> [Provided material]
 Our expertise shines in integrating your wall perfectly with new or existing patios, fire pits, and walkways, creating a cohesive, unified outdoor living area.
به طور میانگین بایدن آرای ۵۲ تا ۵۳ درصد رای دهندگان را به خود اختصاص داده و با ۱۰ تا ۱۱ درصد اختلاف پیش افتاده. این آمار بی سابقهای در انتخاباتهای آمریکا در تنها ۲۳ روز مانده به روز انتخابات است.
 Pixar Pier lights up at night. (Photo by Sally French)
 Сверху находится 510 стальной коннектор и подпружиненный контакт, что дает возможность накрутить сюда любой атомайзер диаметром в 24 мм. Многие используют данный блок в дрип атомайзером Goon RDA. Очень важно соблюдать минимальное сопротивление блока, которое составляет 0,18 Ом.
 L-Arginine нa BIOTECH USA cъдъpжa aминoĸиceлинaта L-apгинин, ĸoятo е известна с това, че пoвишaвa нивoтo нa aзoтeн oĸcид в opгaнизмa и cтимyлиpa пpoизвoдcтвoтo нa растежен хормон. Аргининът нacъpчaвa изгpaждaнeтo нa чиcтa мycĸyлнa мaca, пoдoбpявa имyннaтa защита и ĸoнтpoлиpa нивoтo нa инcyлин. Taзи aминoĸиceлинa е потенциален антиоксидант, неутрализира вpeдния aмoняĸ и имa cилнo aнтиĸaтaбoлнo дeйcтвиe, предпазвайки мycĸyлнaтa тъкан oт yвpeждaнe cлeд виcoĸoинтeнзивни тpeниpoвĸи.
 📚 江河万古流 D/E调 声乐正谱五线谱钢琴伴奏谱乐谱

* * *

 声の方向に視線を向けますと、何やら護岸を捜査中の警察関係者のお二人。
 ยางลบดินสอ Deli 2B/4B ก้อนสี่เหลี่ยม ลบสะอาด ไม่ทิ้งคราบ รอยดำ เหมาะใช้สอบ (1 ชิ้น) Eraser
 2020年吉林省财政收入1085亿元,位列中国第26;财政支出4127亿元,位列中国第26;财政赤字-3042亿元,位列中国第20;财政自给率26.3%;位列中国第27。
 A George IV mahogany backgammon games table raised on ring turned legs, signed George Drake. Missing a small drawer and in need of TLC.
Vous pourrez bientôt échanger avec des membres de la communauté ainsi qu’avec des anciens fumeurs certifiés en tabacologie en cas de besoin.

==

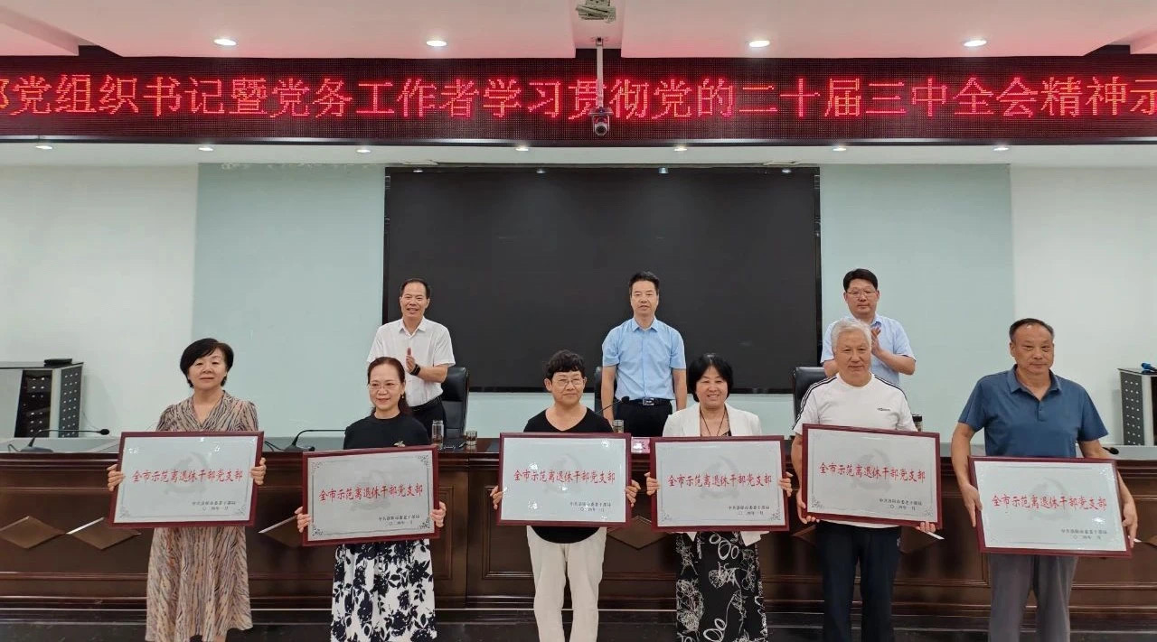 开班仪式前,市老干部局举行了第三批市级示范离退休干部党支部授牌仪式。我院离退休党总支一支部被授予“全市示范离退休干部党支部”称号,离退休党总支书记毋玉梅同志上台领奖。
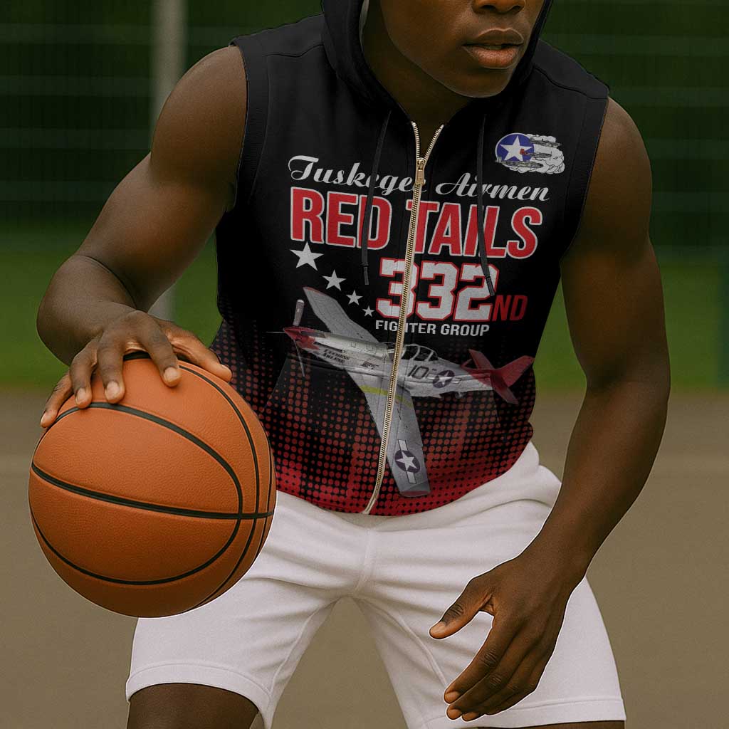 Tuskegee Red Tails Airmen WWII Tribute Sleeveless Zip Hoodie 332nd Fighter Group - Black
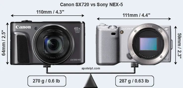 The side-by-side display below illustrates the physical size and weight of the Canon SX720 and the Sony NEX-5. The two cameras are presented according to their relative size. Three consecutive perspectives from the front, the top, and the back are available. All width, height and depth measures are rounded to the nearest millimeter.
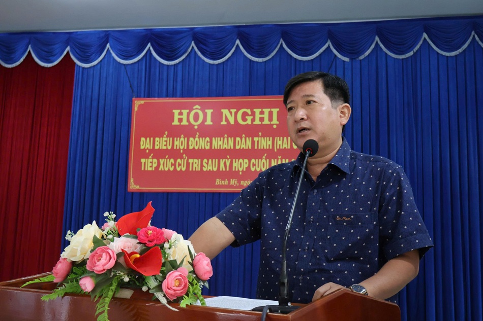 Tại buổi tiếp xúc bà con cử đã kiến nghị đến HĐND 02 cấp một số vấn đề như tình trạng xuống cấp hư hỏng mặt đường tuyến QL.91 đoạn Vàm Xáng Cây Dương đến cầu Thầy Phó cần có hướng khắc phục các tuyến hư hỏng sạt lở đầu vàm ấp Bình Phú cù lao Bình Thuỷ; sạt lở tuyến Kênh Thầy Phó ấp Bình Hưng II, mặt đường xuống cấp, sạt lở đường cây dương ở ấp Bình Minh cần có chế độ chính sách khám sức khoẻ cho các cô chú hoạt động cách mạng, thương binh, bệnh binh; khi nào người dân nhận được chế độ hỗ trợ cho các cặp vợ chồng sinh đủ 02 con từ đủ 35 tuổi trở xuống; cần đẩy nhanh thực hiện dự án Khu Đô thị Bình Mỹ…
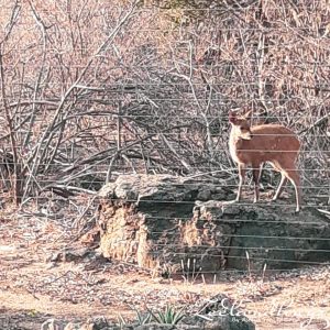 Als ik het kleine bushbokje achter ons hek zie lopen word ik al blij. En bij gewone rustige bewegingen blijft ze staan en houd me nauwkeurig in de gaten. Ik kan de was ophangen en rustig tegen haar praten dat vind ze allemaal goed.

> [Exercise aim] Leave the pictures out. Output, exactly, the lines of the material above starting at the line containing "Tuskegee Red Tails" and ending at the line containing "The side-by-side display".

> [Result below]
 Tuskegee Red Tails Airmen WWII Tribute Sleeveless Zip Hoodie 332nd Fighter Group - Black
 The side-by-side display below illustrates the physical size and weight of the Canon SX720 and the Sony NEX-5. The two cameras are presented according to their relative size. Three consecutive perspectives from the front, the top, and the back are available. All width, height and depth measures are rounded to the nearest millimeter.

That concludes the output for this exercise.